== EXERCISE AIM ==
The listing below has to be output exactly as given, less its pictures.

== SUPPLIED DATA ==
*** Block opens ***
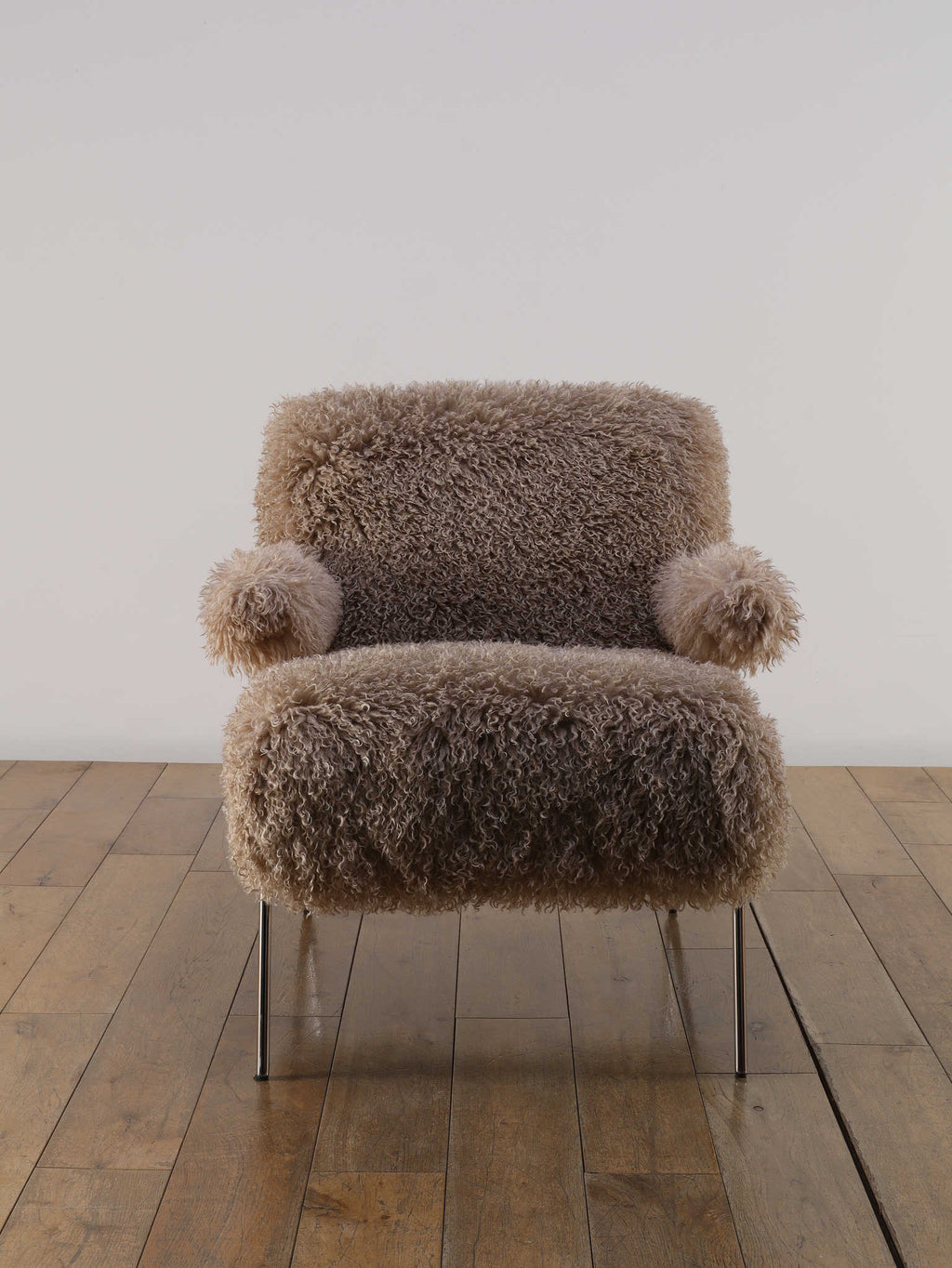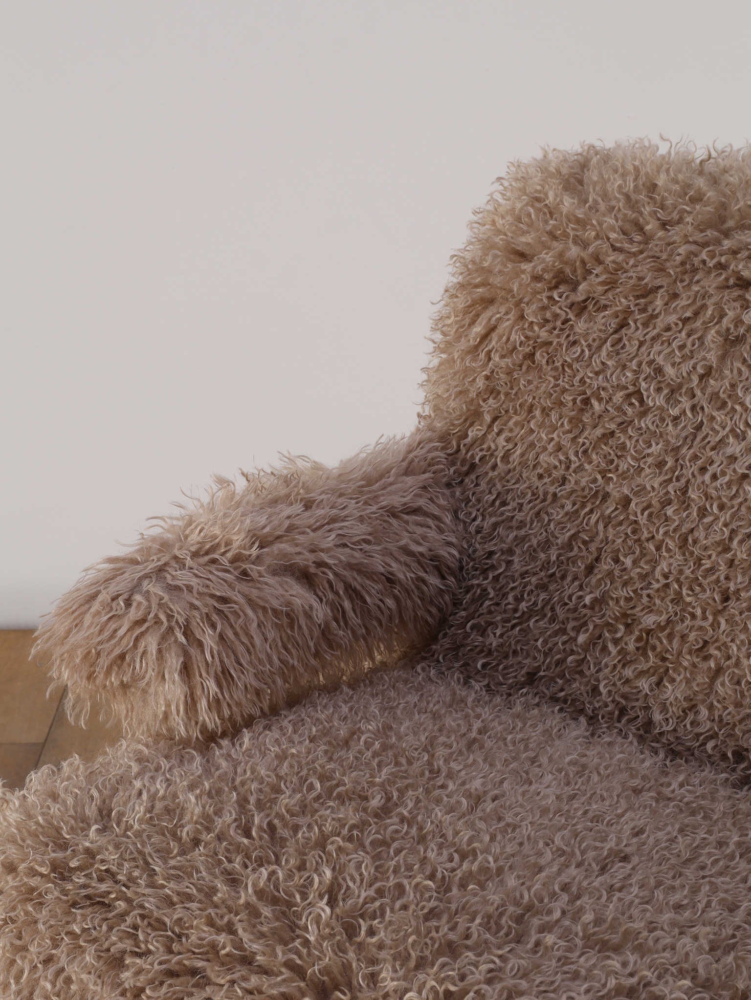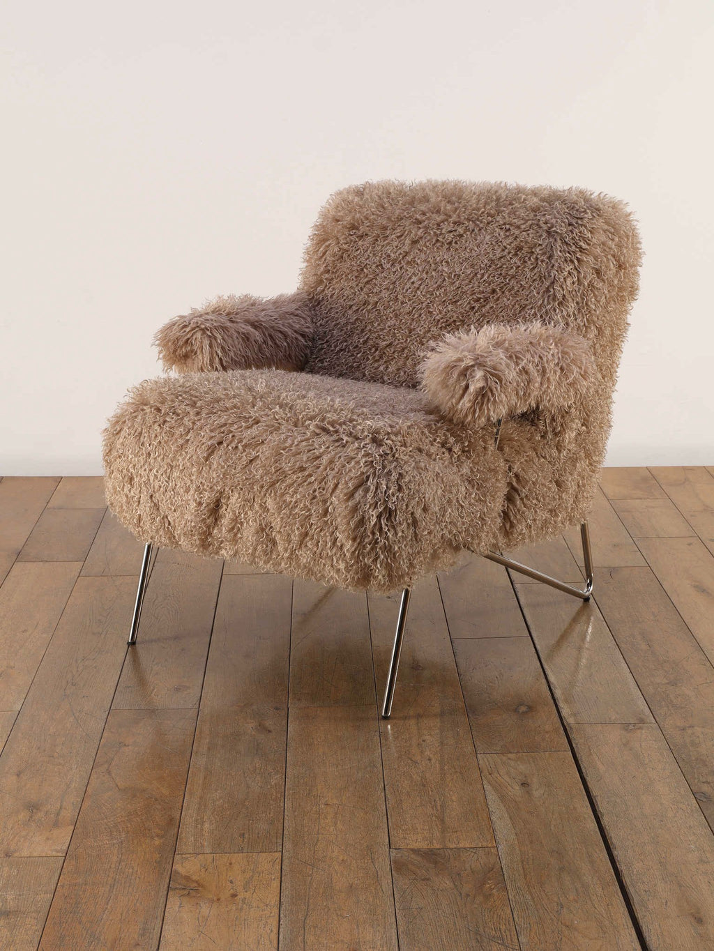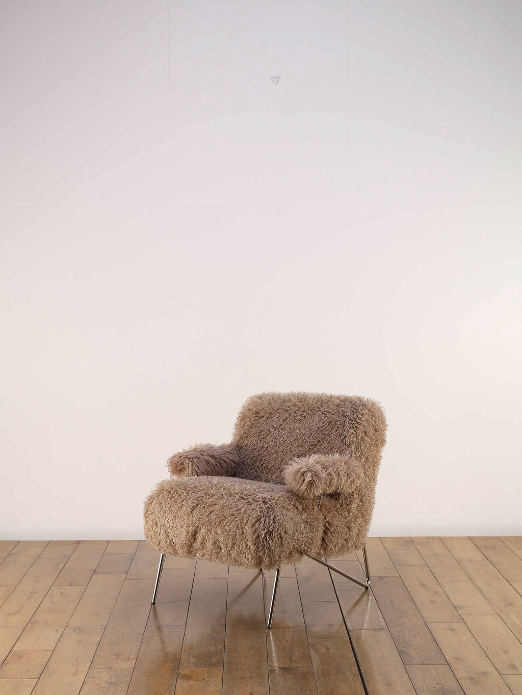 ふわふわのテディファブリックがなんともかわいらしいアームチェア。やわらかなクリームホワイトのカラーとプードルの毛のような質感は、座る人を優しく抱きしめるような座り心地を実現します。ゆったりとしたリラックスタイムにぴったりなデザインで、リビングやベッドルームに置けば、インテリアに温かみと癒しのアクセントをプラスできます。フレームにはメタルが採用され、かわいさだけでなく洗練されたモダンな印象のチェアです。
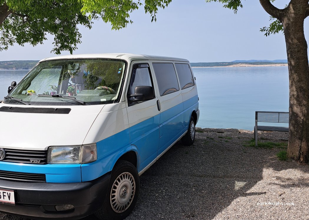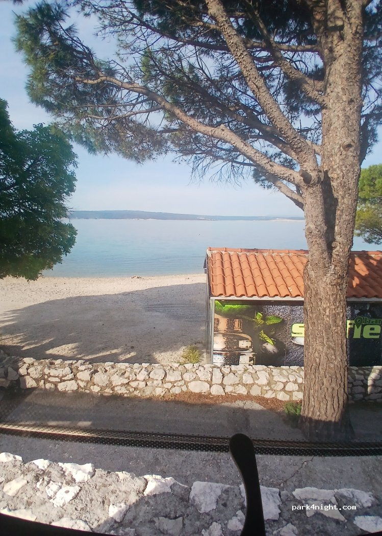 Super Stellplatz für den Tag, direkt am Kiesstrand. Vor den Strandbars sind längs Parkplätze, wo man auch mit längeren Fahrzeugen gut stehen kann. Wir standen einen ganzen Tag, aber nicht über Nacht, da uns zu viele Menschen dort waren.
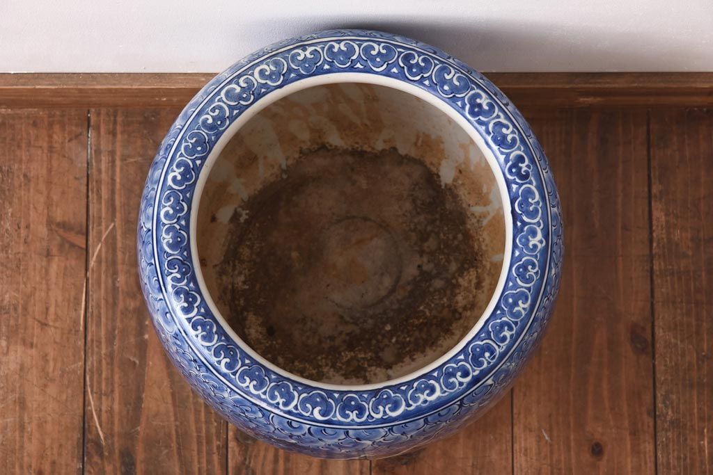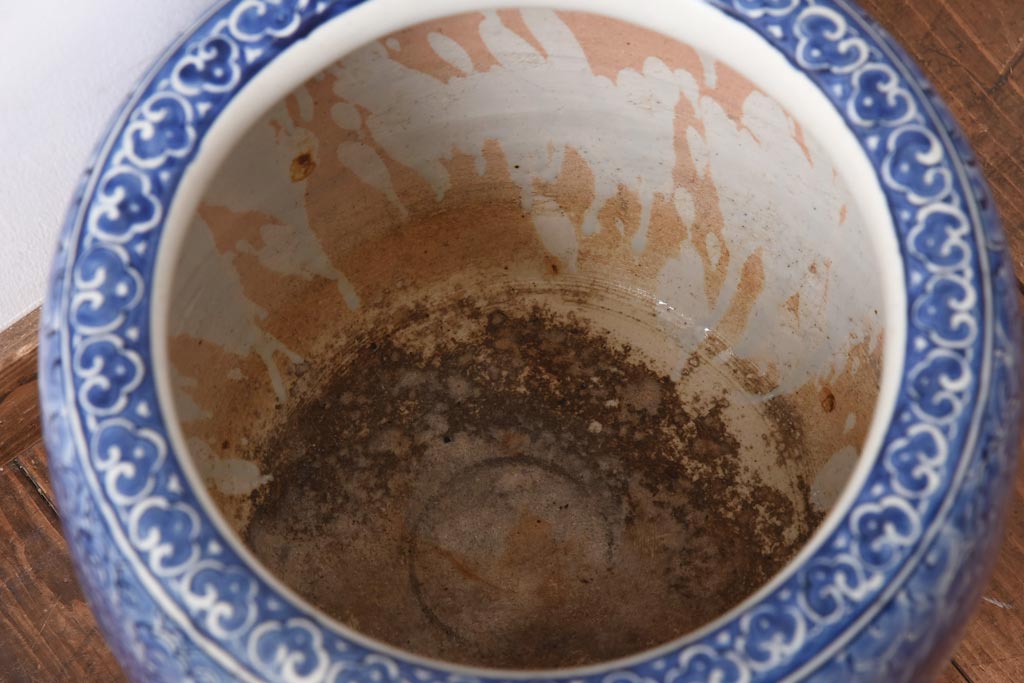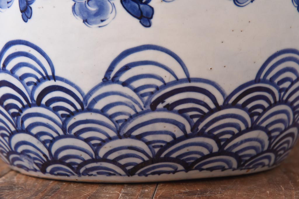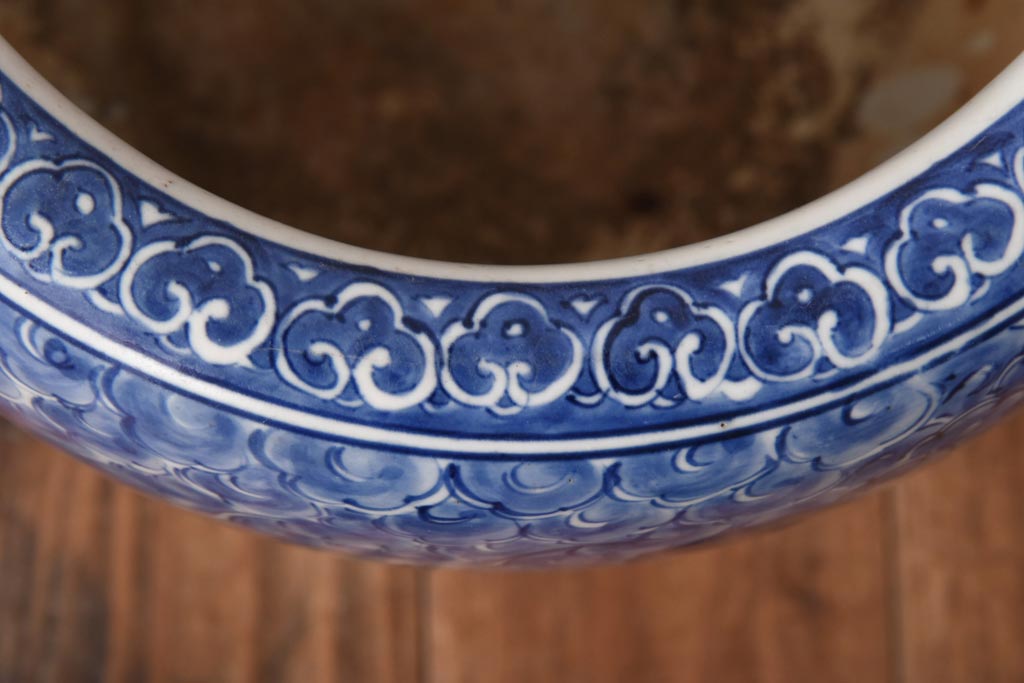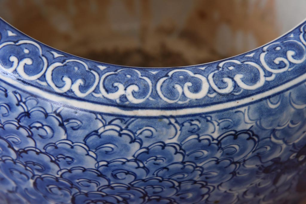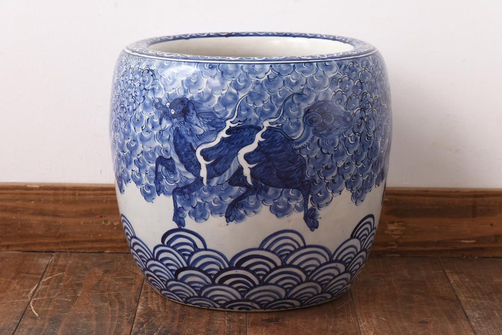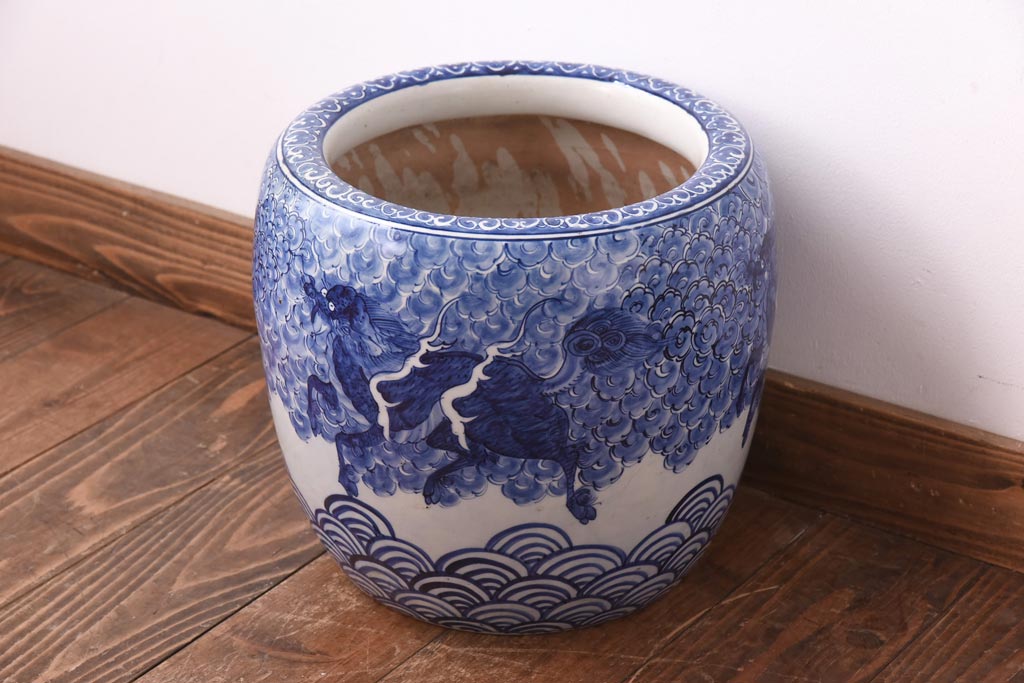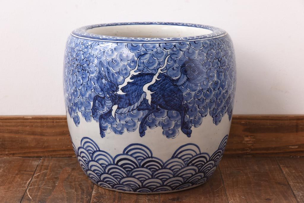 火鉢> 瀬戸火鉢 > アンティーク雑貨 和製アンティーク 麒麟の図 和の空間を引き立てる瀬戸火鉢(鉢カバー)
*** Block closes ***
== TASK ANSWER ==
 ふわふわのテディファブリックがなんともかわいらしいアームチェア。やわらかなクリームホワイトのカラーとプードルの毛のような質感は、座る人を優しく抱きしめるような座り心地を実現します。ゆったりとしたリラックスタイムにぴったりなデザインで、リビングやベッドルームに置けば、インテリアに温かみと癒しのアクセントをプラスできます。フレームにはメタルが採用され、かわいさだけでなく洗練されたモダンな印象のチェアです。
 Super Stellplatz für den Tag, direkt am Kiesstrand. Vor den Strandbars sind längs Parkplätze, wo man auch mit längeren Fahrzeugen gut stehen kann. Wir standen einen ganzen Tag, aber nicht über Nacht, da uns zu viele Menschen dort waren.
 火鉢> 瀬戸火鉢 > アンティーク雑貨 和製アンティーク 麒麟の図 和の空間を引き立てる瀬戸火鉢(鉢カバー)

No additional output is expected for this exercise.